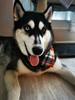 Шарф очень красивый. Моя собака очень активная, поэтому я решила пришить пуговицу и сделать отверстие для неё,чтобы точно все держалось. Если у вас собака среднего размера как у меня, я советую сделать тоже самое. Для маленьких пород можно и завязать шарф. Рекомендую к покупке ♡
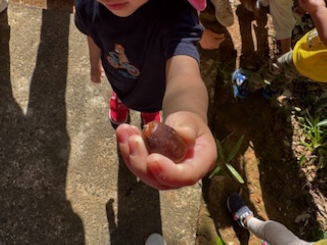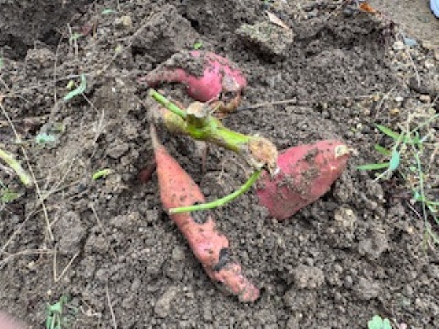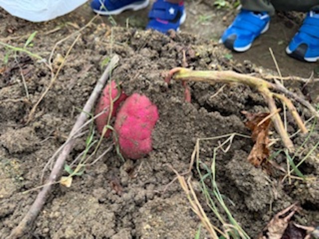 小雨がぱらつくこともありましたが、本園から第二までおいも掘りへ行きました。今年は夏の暑さのせいもあってか、おいもの生育状況が心配されました。実際に土を掘っていってみると、数は多くないものの、中には大きなおいもさんもあり、子どもたちも「あった~!」「おいもみつけた!!」と喜んでいました。3歳児さんは自力で土を掘っていくことが難しい子もいましたが、4歳、5歳になると自分でどんどん掘り進めていくことができ、「せんせいみて!!」と笑顔がたくさん見られました♪また来年もおいも掘りができるといいですね☆ |
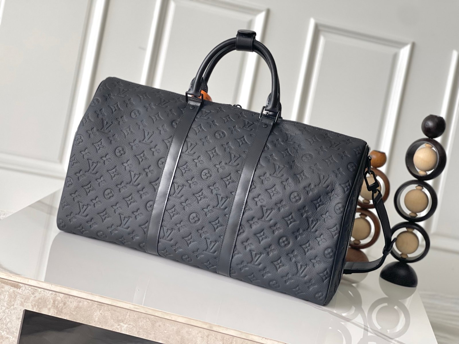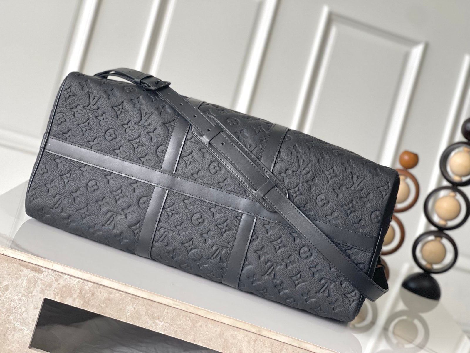 This Keepall travel bag features a Monogram pattern embossed on smooth calf leather, reimagining a brand classic while showcasing masterful craftsmanship. Its carry-on size makes it perfect for short trips. Dimensions: 50.0 x 29.0 x 23.0 cm (L x H x W)

********************

### Task description
Apart from the images, please copy every line of the data exactly as written.

### Task output
 Шарф очень красивый. Моя собака очень активная, поэтому я решила пришить пуговицу и сделать отверстие для неё,чтобы точно все держалось. Если у вас собака среднего размера как у меня, я советую сделать тоже самое. Для маленьких пород можно и завязать шарф. Рекомендую к покупке ♡
 小雨がぱらつくこともありましたが、本園から第二までおいも掘りへ行きました。今年は夏の暑さのせいもあってか、おいもの生育状況が心配されました。実際に土を掘っていってみると、数は多くないものの、中には大きなおいもさんもあり、子どもたちも「あった~!」「おいもみつけた!!」と喜んでいました。3歳児さんは自力で土を掘っていくことが難しい子もいましたが、4歳、5歳になると自分でどんどん掘り進めていくことができ、「せんせいみて!!」と笑顔がたくさん見られました♪また来年もおいも掘りができるといいですね☆ |
 This Keepall travel bag features a Monogram pattern embossed on smooth calf leather, reimagining a brand classic while showcasing masterful craftsmanship. Its carry-on size makes it perfect for short trips. Dimensions: 50.0 x 29.0 x 23.0 cm (L x H x W)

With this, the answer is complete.